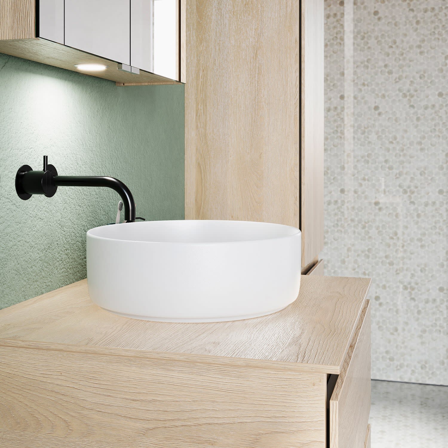 Die Waschtischplatte wird ohne Armaturbohrung geliefert. Armaturbohrungen müssen bauseits vorgenommen werden.
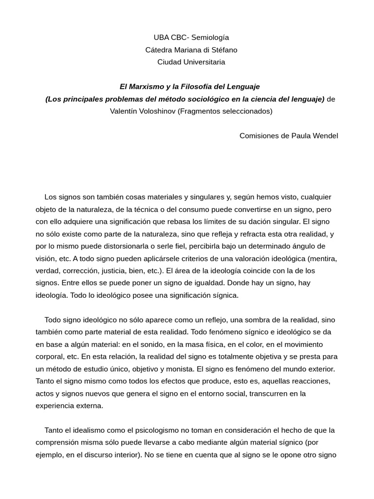 Todo signo ideológico, incluyendo el verbal, al plasmarse en el proceso de la
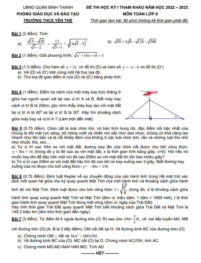 Đề tham khảo cuối học kì 1 (HK1) lớp 9 môn Toán năm 2022 2023 trường THCS Yên Thế TP HCM
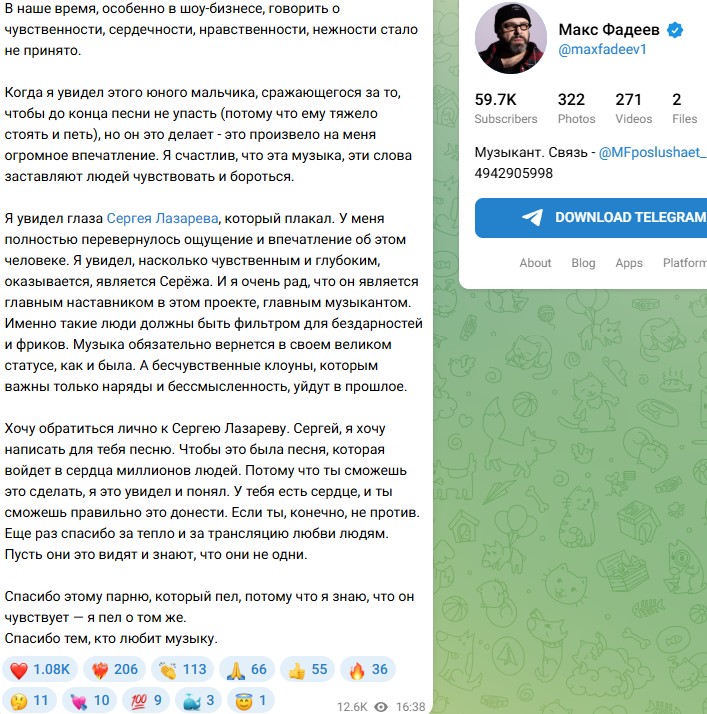 "Я увидел глаза Сергея Лазарева, который плакал. У меня полностью перевернулось ощущение и впечатление об этом человеке. Я увидел, насколько чувственным и глубоким, оказывается, является Серёжа. И я очень рад, что он является главным наставником в этом проекте, главным музыкантом. Именно такие люди должны быть фильтром для бездарностей и фриков. Музыка обязательно вернется в своем великом статусе, как и была. А бесчувственные клоуны, которым важны только наряды и бессмысленность, уйдут в прошлое.", - написал на своей странице Фадеев. "Хочу обратиться лично к Сергею Лазареву. Сергей, я хочу написать для тебя песню. Чтобы это была песня, которая войдет в сердца миллионов людей. Потому что ты сможешь это сделать, я это увидел и понял. У тебя есть сердце, и ты сможешь правильно это донести. Если ты, конечно, не против. Еще раз спасибо за тепло и за трансляцию любви", - обратился он к Лазареву.
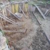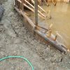 Auf den fertigen Beton kam dann die Schalung für die Betonstützmauer.
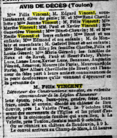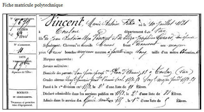 Fils de Jean Antoine Vincent, propriétaire et d’Eliza Joséphine
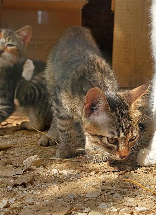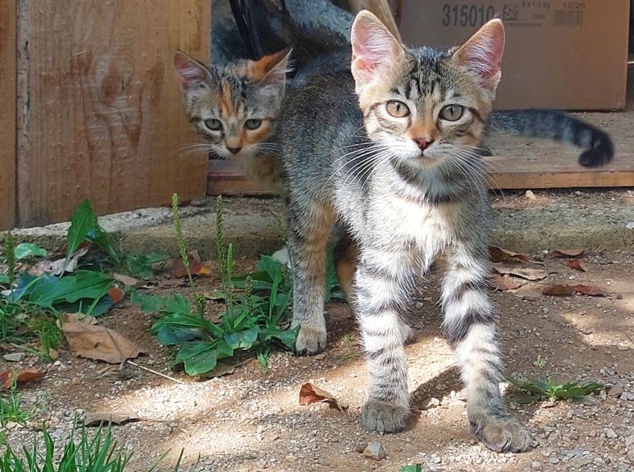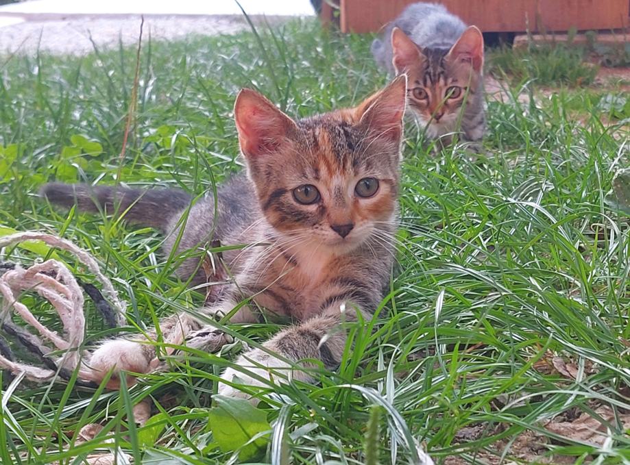 Mačići su u posljednjih mjesec dana navikli da budu zajedno. Prvi mačić šarenog krzna sa izraženim narančastim šarama po glavi je razigrana i avanturističkog karaktera. Istražuje, luta i penje se gdje stigne. Drugi mačić sivog krzna bez narančastih šara je plašljiviji. Naviknut je biti uz mamu, ali što je starija to je otvorenija. Vjerujemo da joj je samo potrebno malo topline i da će biti i od vas nerazdvojiva.
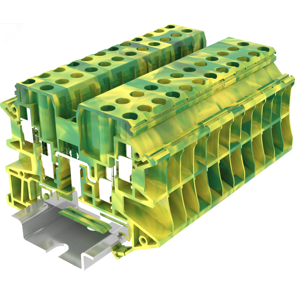 Заземляющая клемма, тип фиксации провода: винтовой, номинальное сечение: 4 мм кв., 500V, ширина: 6 мм, цвет: желто-зеленый, тип монтажа: DIN35
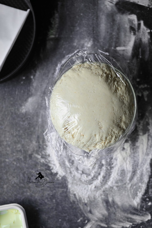 Se unge cu ulei un castron mare și se pune bila de aluat la crescut. Se acoperă cu folie de plastic sau cu un prosop curat și se lasă să crească până își dublează volumul (aproximativ 1 oră).
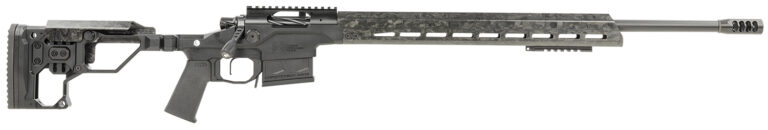 The Modern Precision Rifle is an ultra-lightweight chassis rifle designed to break with tradition. Beyond the folding stock the complete package is well equipped with a target contour Christensen Arms carbon fiber barrel, carbon fiber comb, free-floating carbon fiber handguard and 20″ MOA rail. The action and stainless steel side-baffle muzzle brake are finished in Black Nitride for a sleek look. The Modern Precision Rifle weighs in starting at 6.9 pounds and is backed by the Christensen Arms Sub-MOA Guarantee.
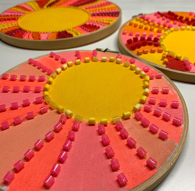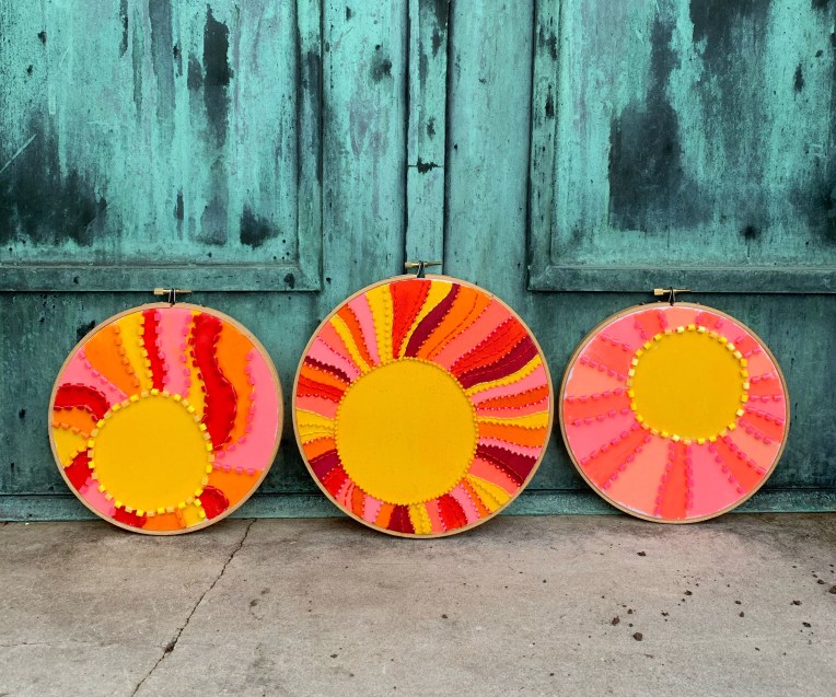 If you are not child-sized, I think it is still a fun project to take on…especially if you are new to mixed-media embroidery. I created my own version of this hoop and working with a sunshine-filled color palette was just what I needed during several rainy & cloudy days.
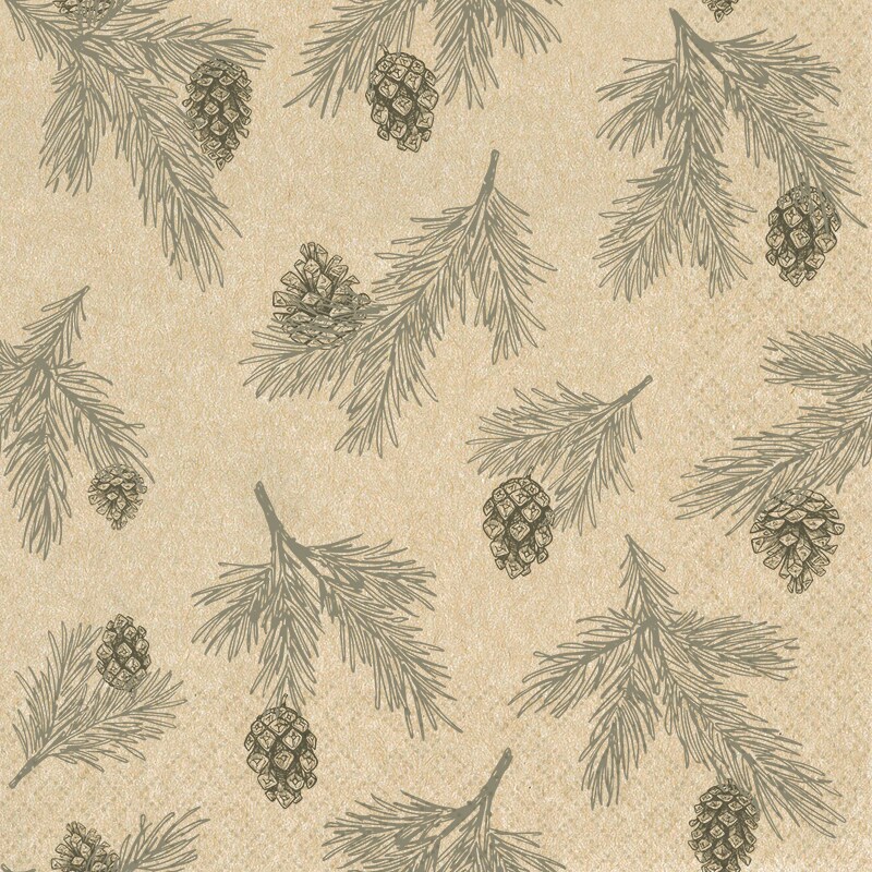 Home Fashion, Pine Cones grey, Lunch-Servietten aufgefaltetes Maß 33 cm x 33 cm, im Viertelfalz, 20 Stück pro Pack
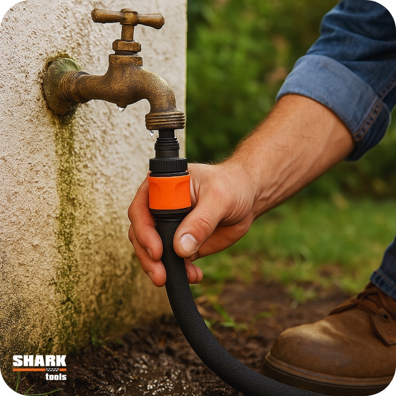 Вам не нужно иметь насос с высоким давлением - эта змея работает при очень низком давлении (от 0,5 до 4 бар). Отлично работает даже с бочкой для дождевой воды, небольшого насоса или гравитационной системы.
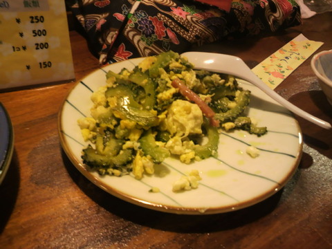お酒は生ビールから泡盛のうっちん茶(ウコンのお茶)割りにチェンジしました。最後に、よもぎの天ぷらとナーベラー(へちま)チャンプルと豆腐ようで〆ました。これで1人3500円で済んだのは、上出来だと思います。
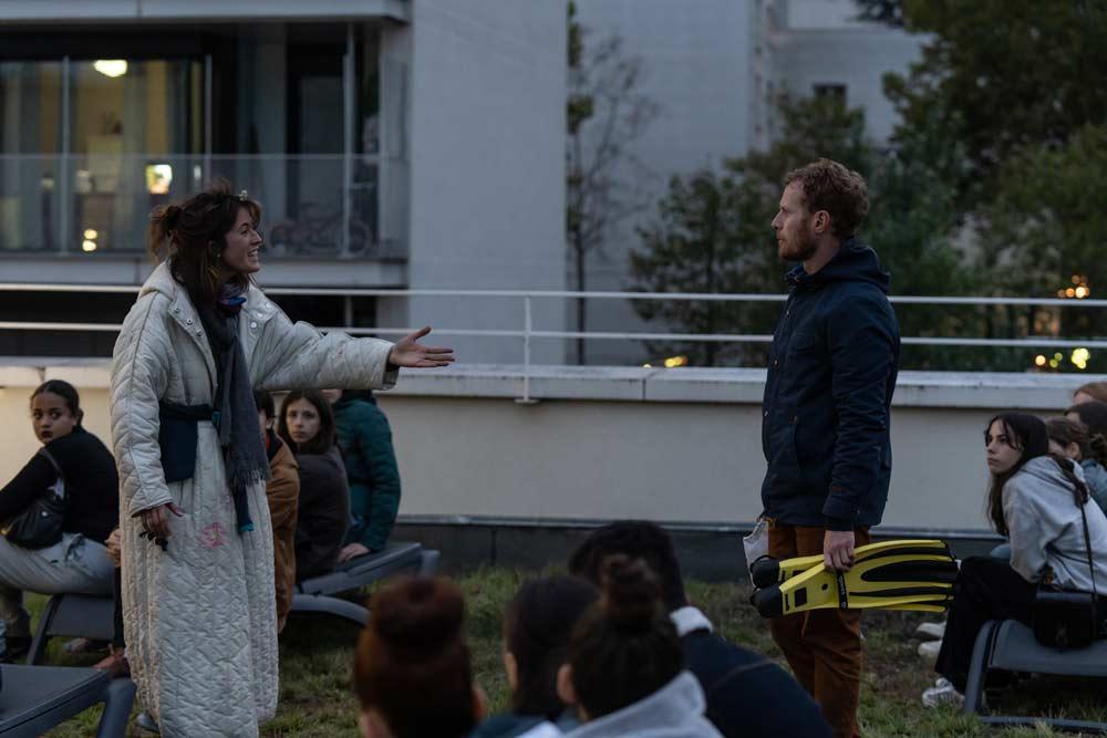 Tout commence à l’est de Paris, dans le 20ème arrondissement. Boulevard Davout, très précisément… Sur le toit de la piscine municipale, à la tombée de la nuit, se rencontrent un homme et une femme aux mines pas très engageantes : l’une aux allures de clocharde, l’autre aux intentions suicidaires ! Une entrée en matière quelque peu flippante pour ce voyage itinérant concocté par le collectif OS’O, qui nous conduira ensuite à l’inauguration d’un chantier de construction, enfin à la rencontre d’un immigré qui squatte un terrain vague. Un spectacle déambulatoire imaginé en plein confinement, qui nous invite à regarder le quartier autrement, derrière les murs à poser un regard autre sur ses habitants.

* * * * * * * * *

__DIRECTIONS FOR THIS TASK__
Output, exactly as written, only the lines from the beginning of the listing through the line containing "Fils de Jean", both included, and no pictures.

__RESULT BELOW__
 Die Waschtischplatte wird ohne Armaturbohrung geliefert. Armaturbohrungen müssen bauseits vorgenommen werden.
 Todo signo ideológico, incluyendo el verbal, al plasmarse en el proceso de la
 Đề tham khảo cuối học kì 1 (HK1) lớp 9 môn Toán năm 2022 2023 trường THCS Yên Thế TP HCM
 "Я увидел глаза Сергея Лазарева, который плакал. У меня полностью перевернулось ощущение и впечатление об этом человеке. Я увидел, насколько чувственным и глубоким, оказывается, является Серёжа. И я очень рад, что он является главным наставником в этом проекте, главным музыкантом. Именно такие люди должны быть фильтром для бездарностей и фриков. Музыка обязательно вернется в своем великом статусе, как и была. А бесчувственные клоуны, которым важны только наряды и бессмысленность, уйдут в прошлое.", - написал на своей странице Фадеев. "Хочу обратиться лично к Сергею Лазареву. Сергей, я хочу написать для тебя песню. Чтобы это была песня, которая войдет в сердца миллионов людей. Потому что ты сможешь это сделать, я это увидел и понял. У тебя есть сердце, и ты сможешь правильно это донести. Если ты, конечно, не против. Еще раз спасибо за тепло и за трансляцию любви", - обратился он к Лазареву.
 Auf den fertigen Beton kam dann die Schalung für die Betonstützmauer.
 Fils de Jean Antoine Vincent, propriétaire et d’Eliza Joséphine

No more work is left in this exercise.